Улыбка мелькнула на губах Анастасии.

– Мне то ведомо. Только не уразумею я, князя ли московского ты пожалел али тя взлет Твери греет?

Крутнул Борис головой:

– Не понять мне тебя, княгинюшка, чего больше у тя, ума или хитрости.

– А хитрость, князь Борис, без ума не бывает.

– И то так. Что возразить. Назавтра Думу созову, к тому времени что нового прослышим.

– Княгиня согласно кивнула: Ты верно заметил, только на добрую весть не слишком надеюсь.

Борис встал, намерился покинуть княгиню. Она, однако, взяла его за рукав теплой рубахи.

– Погоди, князь, может, Дума нарядит кого из бояр, чтоб к разуму княжат привели?

– Я с тобой согласен, княгиня, но княжата те не недотымки, а звери матерые. Однако пойду я.

* * *

Взбудоражило Тверь. От самого западного рубежа донесла сторожа, Литва к походу исполчается. Ратники коней седлают, оружием бряцают.

Борис, едва на Думе успели приговор вынести по Шемяке и можайцу, новое тревожное известие получил. Сказал боярам:

– Быть всем вам приоружно и с дружинами своими, детьми боярскими и дворовыми наготове литву отразить.

В три дня сошлись полки под Тверью. Выступили под музыку, бой барабанов и литавр, гремело все и блистало. Пошли дружинники князя Бориса к рубежу литовскому.

Из распахнутых настежь всех трех ворот потянулись ополченцы: мастеровой люд с дубинами и мечами дедовскими, с топорами и вилами двузубцами. Шли, подминая мерзлую землю лаптями и постолами, сапогами и опорками.

Князь, в шишаке боевом, броне, поверх плащ алый, в сопровождении воеводы Холмского на рысях взъехали на возвышенность, смотрели, как уходят полки.

Двадцать тысяч воинов ведет Борис Александрович на защиту западного рубежа.
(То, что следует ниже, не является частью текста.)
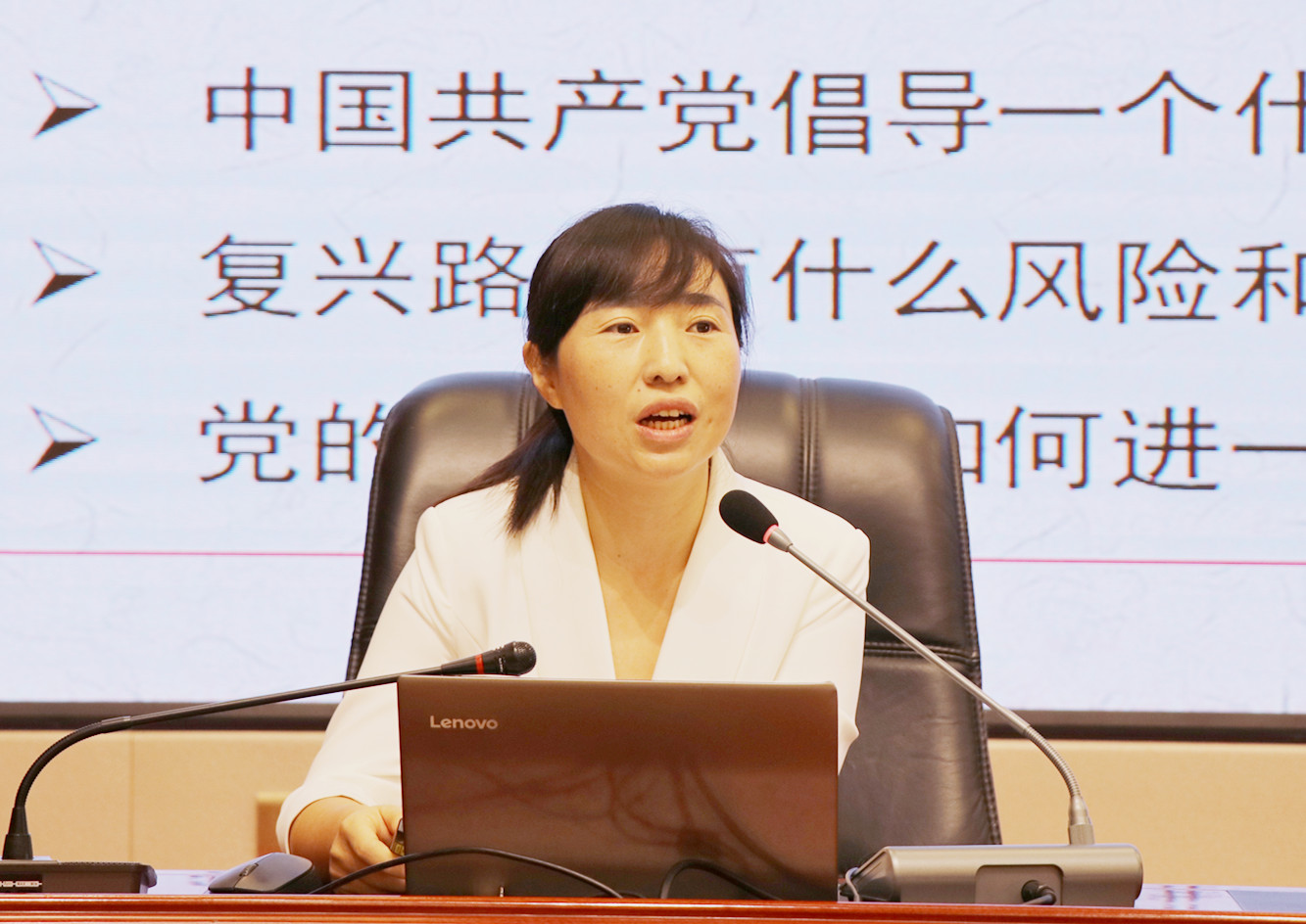 讀書班邀請(qǐng)市委黨史宣傳團(tuán)成員、甘肅畜牧工程職業(yè)技術(shù)學(xué)院副教授羅海燕同志作專題輔導(dǎo)報(bào)告。羅海燕同志從深刻把握習(xí)近平總書記“七一”重要講話的重大意義、深刻把握習(xí)近平總書記“七一”重要講話的豐富內(nèi)涵、學(xué)習(xí)貫徹落實(shí)“七一”講話精神三個(gè)方面,對(duì)習(xí)近平總書記在慶祝中國共產(chǎn)黨成立100周年大會(huì)上的重要講話進(jìn)行了解讀,報(bào)告主題鮮明、內(nèi)涵豐富,給參加讀書班的黨員干部和師生作了一場(chǎng)精彩的專題輔導(dǎo)。

Идут толпами оружные мужики, иные на телегах едут. Объезжая горланивших ополченцев, тверской князь говорил Холмскому:

– По пути кашинцев князь Андрей приведет. Тысячи полторы их будет. Ты, воевода, кашинцев выставишь правым крылом, они конным литвинам противостоять будут.

Рысью обошли ратников воеводы Дорогобужского. Тверской князь удивился: сам Дорогобужский и сыновья на конях добрых и при броне, а вот дружина удивление вызывала: кони тощие, некормленые, сбруи – рвань, а кое-кто из отроков и охлюпком едет, ноги чуть ли не по земле волочатся. А ополченцев боярин Дорогобужский выставил старцев бородатых и отроков малолетних.
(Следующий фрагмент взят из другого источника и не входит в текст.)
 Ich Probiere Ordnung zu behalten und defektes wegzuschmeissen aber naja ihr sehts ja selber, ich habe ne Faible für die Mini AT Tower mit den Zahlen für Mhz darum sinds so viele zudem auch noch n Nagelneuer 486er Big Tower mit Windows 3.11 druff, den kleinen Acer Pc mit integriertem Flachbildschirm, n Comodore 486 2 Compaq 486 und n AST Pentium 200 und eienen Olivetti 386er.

Князь Борис Александрович коня придержал, крикнул недовольно:

– Ты, боярин Осип, всю нищую братию в поход вывел. Аль такими ратниками княжеству нашему надлежит славиться? Воротимся из похода, поспрошаю тя, ужли так обеднел Дорогобужский? – Повернулся к Холмскому, сказал сердито: – Повинен я, Михайло Дмитриевич, что не провел накануне великий смотр войску.

Холмский покачал головой:

– Не твоя вина, великий князь, поспешно в поход выступили.

Три дня и три ночи шли и ехали тверские полки. Гремели барабаны, ржали кони, слышался людской гомон в морозном воздухе, раздавалось бряцание оружия.
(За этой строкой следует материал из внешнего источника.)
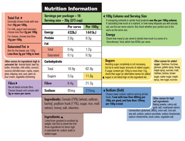 Use these guidelines when reading your nutrition label, and remember to use the per 100g column, especially when comparing products as serving sizes can be different amounts!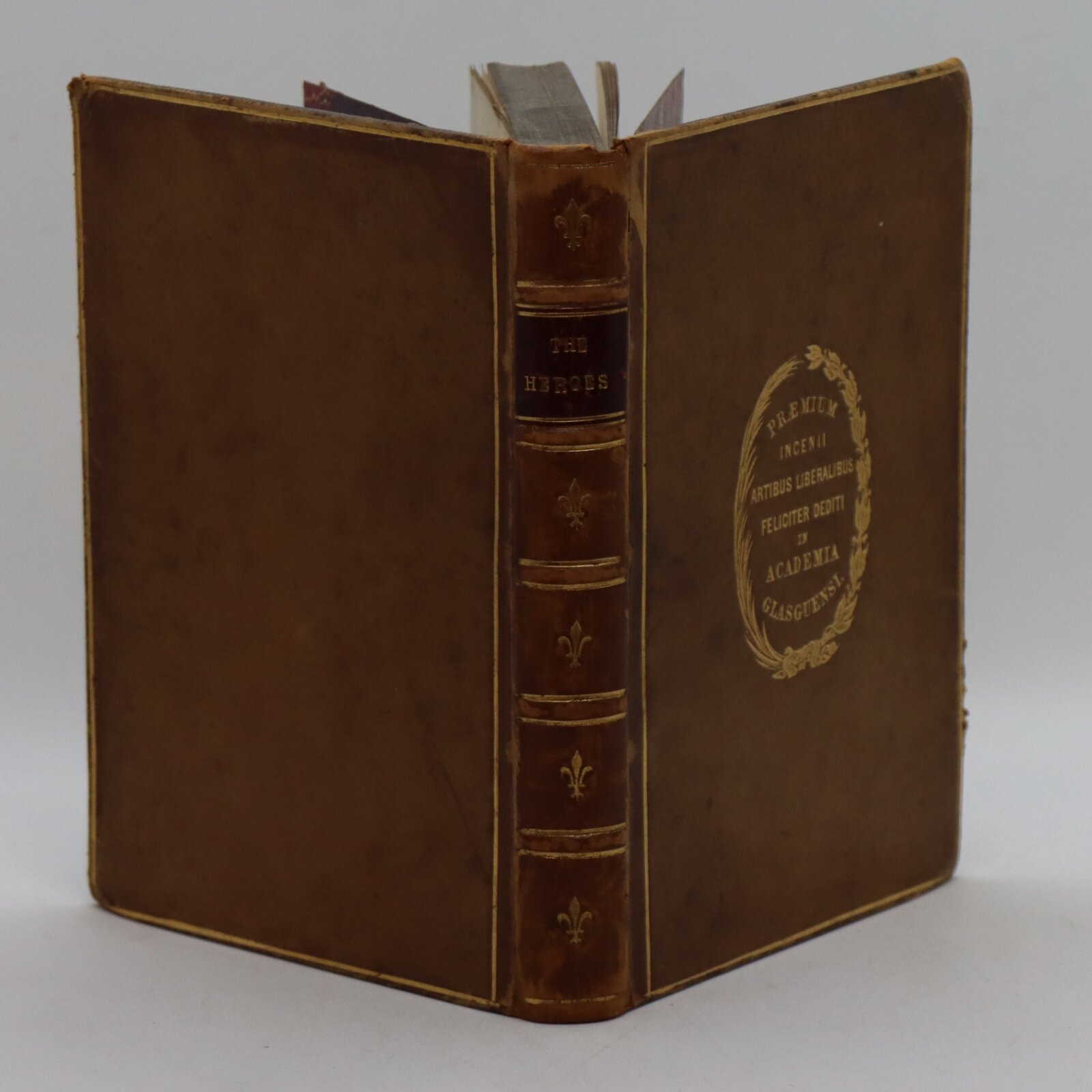 Tan leather binding, red title plate. Gilt edging and banding with embossed Glasgow Academy emblem on front board. Illustrations in colour.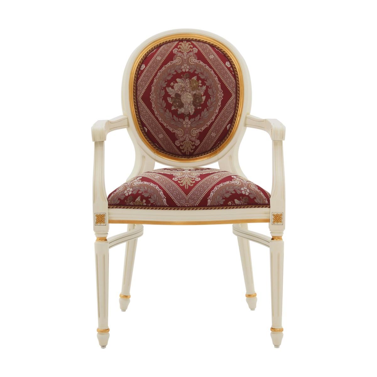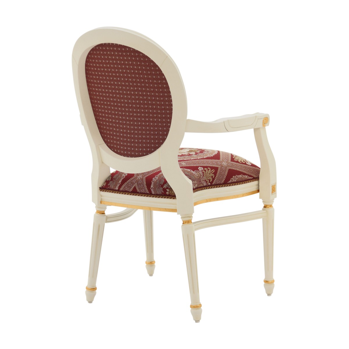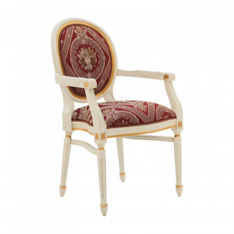 Comfortable Louis XVI style small armchair with beech wood structure. This model, together with many others we manufacture, is particularly suitable for the contract market as it features side rungs. The seat is padded with superior quality foam. The upholstery can be customized with nails, braiding, double welt or welt.

Потемну, на постое, горели костры, грелись и спали ратники. Князю шатер ставили. Но Борис редко в нем отдыхал, все больше по лагерю ходил. Беспокойно ему, предстоящая битва тревожит. Выстоят ли тверичи, прежде не поднималась тверская земля с такой силой в защиту.

На третьи сутки прискакал из арьергарда гонец с донесением: полки литовцев неожиданно повернули и ушли в сторону Дикого поля, откуда, по слухам, нависла над Литвой и Речью Посполитой угроза крымского набега.

Собрались тверские воеводы в княжеский шатер на совет. Выслушал их князь Борис, потеребил бородку:

– К худу ли это, к добру, жизнь покажет. Однако силу свою мы литве выдали. А ноне без нужды стоять здесь не к чему. Велите, воеводы, полкам домой ворочаться. И еще скажу я вам, пока крымская сабля над Литвой и Польшей занесена, нам, русичам, не враждовать бы, а единиться.

* * *

Тихо в церкви и благостно. Мягкий баритон молодого священника возносится в тишине под бревенчатыми сводами.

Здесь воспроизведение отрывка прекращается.